Der in Zusammenarbeit mit dem OB-Büro und dem Bürgerverein organisierte Stadtteilbesuch von Oberbürgermeister Martin Horn lockte rund 80 Bewohner zum Stadtteil-Spaziergang. Zum anschließenden Bürgergespräch im Deutsch-Französischen Gymnasium waren es dann mehr als 100 Interessierte.

In den Vorbesprechungen zur Festlegung der Route des Stadtteil-Spaziergangs am 24. Oktober konnte der Bürgerverein seine Wünsche, die derzeitigen „Hot-Spot-Themen“ dem Oberbürgermeister „live“ zu präsentieren, umsetzen. So wurden mit den Knopfhäusle, dem Lycée Turenne und der zukünftigen „ Ganter- Knoten Stadttunnel- Großbaustelle“ drei der wesentlichen Themenschwerpunkte der derzeitigen Bürgervereins Arbeit in Augenschein genommen werden.

Sammelplatz vor dem ZO: Handschlagbegrüßung durch den OB Foto:zero-foto

Nach einer kurzen Begrüßung durch den OB und den Bürgervereins-Vorsitzenden ging es in die unmittelbar benachbarten Knopfhäusle. Die vorgetragenen Hauptanliegen der Bewohner der fast 150 Jahre alten Siedlung bündelten sich in zwei Wünschen. Sie wollen hier wohnen bleiben und das weiterhin zu bezahlbaren Mieten. Bürgerverein und Mieterbeirat unterstrichen die Wünsche, beide lobten die bisher sehr mieterfreundlich angelaufenen Voruntersuchungen. Um die Bedenken, die nach wie vor aus der Bewohnerschaft zu hören waren zu minimieren, schlug der Bürgerverein eine gestufte Vorgehensweise bei der Sanierung vor. Zuerst die bereits freistehenden Häuser sanieren, diese zur siedlungsinternen Härtefall- Umsiedlungen nutzen und gleichzeitig sanierte Beispiel-Modellhäuser für die Bewohner zu haben.
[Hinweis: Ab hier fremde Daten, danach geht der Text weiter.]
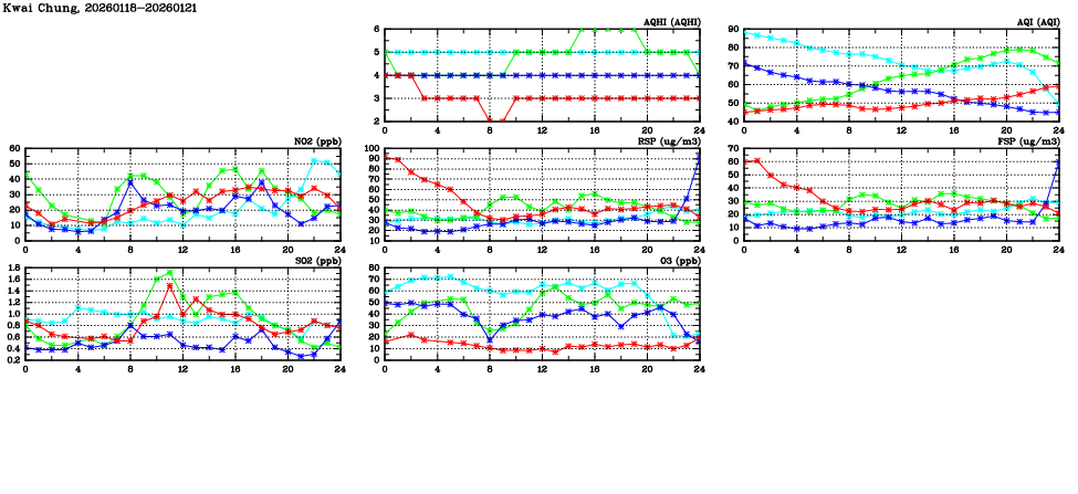 | Air Quality Data Time Series in Kwai Chung (2026/01/21) | ( Line colors: Day -3 Day -2 Day -1 Current day ) | 2D Map Current AQHI |
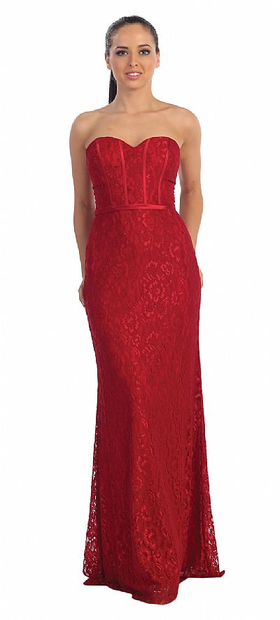 Strapless Sweetheart Neck Long Lace Formal Bridesmaid Dress. Floral pattern lace dress with sweetheart neckline and boning like design & belt at waist in satin. Flared skirt with corset like back straps & zipper closure too. 100% polyester. Imported.
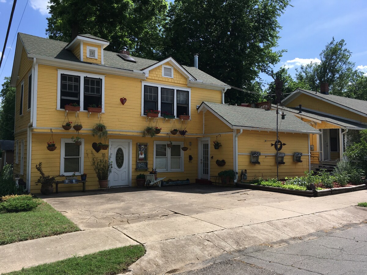 Casa de campo independiente en el centro histórico del barrio de Tulsa. Cocina completa, cama, escritorio, sala de televisión, ducha, patio vallado con fuente de agua, asientos. A una manzana de los senderos para ciclistas/peatones de River Parks, 3 parques; a seis manzanas de The Gathering Place, a poca distancia a pie de restaurantes, bares y cafeterías. A más de 1 milla del BOK Center, atracciones del centro y distritos de arte. ¡Cerca de la Ruta 66! ¡Acogedor y privado retiro con patio, zona vallada para cachorros y servicios excepcionales!
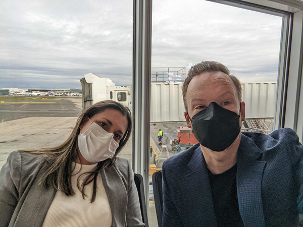 Ivana Brown, NABERS Sector Lead Accelerating Net Zero Buildings, and James Elks, NABERS Head of Product Development, connect in Adelaide airport.
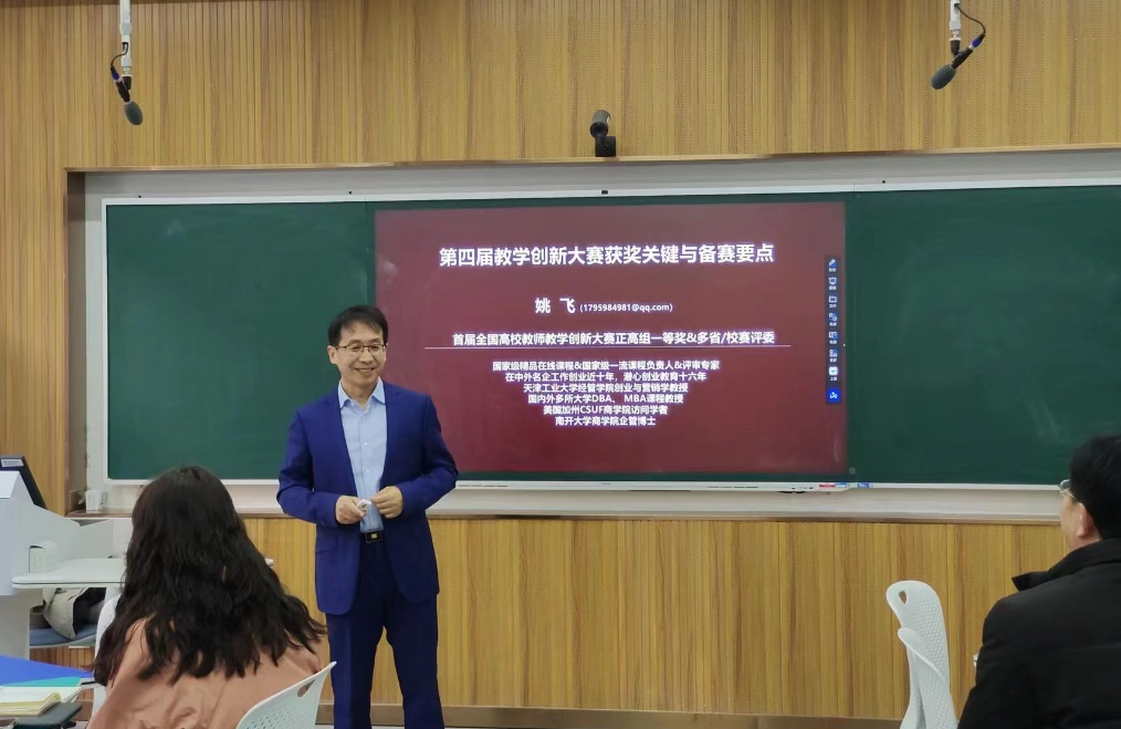 在3212智慧教室举办“教学创新能力提升工作坊”。学院特邀首届全国高校教师教学创新大赛全国决赛(正高组)一等奖获得者、国家级一流本科课程《创业管理》(第一批)和《创业营销》(第二批)负责人、天津工业大学经济与91暗网
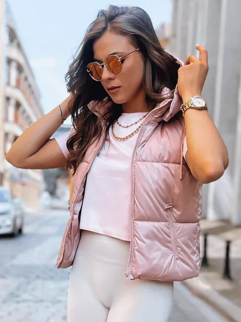 A sporty, cropped vest. The vest has a removable hood, so it will fit many styles. The model is lightly insulated.

Vom OB kam keine Gegenrede.

Die nächste Anlaufstation Lycée Turenne mit seinem seit 1992 leerstehenden, nicht sanierten Westflügel war für die allermeisten Teilnehmer Neuland und löste viele Unverständnis- Reaktionen aus. OB Horn brachte es auf den Punkt: „Jedem, der hier reingeht, schmerzt das Herz“. Der runde Tisch Lycée Turenne unter Federführung des Bürgervereins hat Anfang des Jahres ein Nutzungskonzept zur Erarbeitung einer Machbarkeitsstudie vorgelegt, die von der Verwaltung zunächst weitgehend übernommen wurde. Bei den im September angelaufenen Ausschussberatungen zum nächsten Doppelhaushalt wurde die von uns angestrebte Machbarkeitsstudie wieder in Frage gestellt. Durch eine konzertierte Aktion zusammen mit den Fraktionen wird es jedoch wohl gelingen, zumindest die Machbarkeitsstudie im kommenden Haushalt zu verankern. Wir möchten jedoch die weitere Aussage des OB´s untermauern: „Es braucht nur wenig Phantasie, was man mit dem seit Anfang der 1990er Jahre leer stehenden und seither praktisch unberührten Gebäudeteil alles anstellen könnte“. Wenn nur dieser Konjunktiv nicht zu hören wäre! Von dieser Stelle jedoch versprochen: Der runde Tisch Lycée Turenne wird weiterkämpfen, die Sanierungszusage muss jetzt gelingen. Ein Vertrösten auf nächste Haushalte ist keine Lösung!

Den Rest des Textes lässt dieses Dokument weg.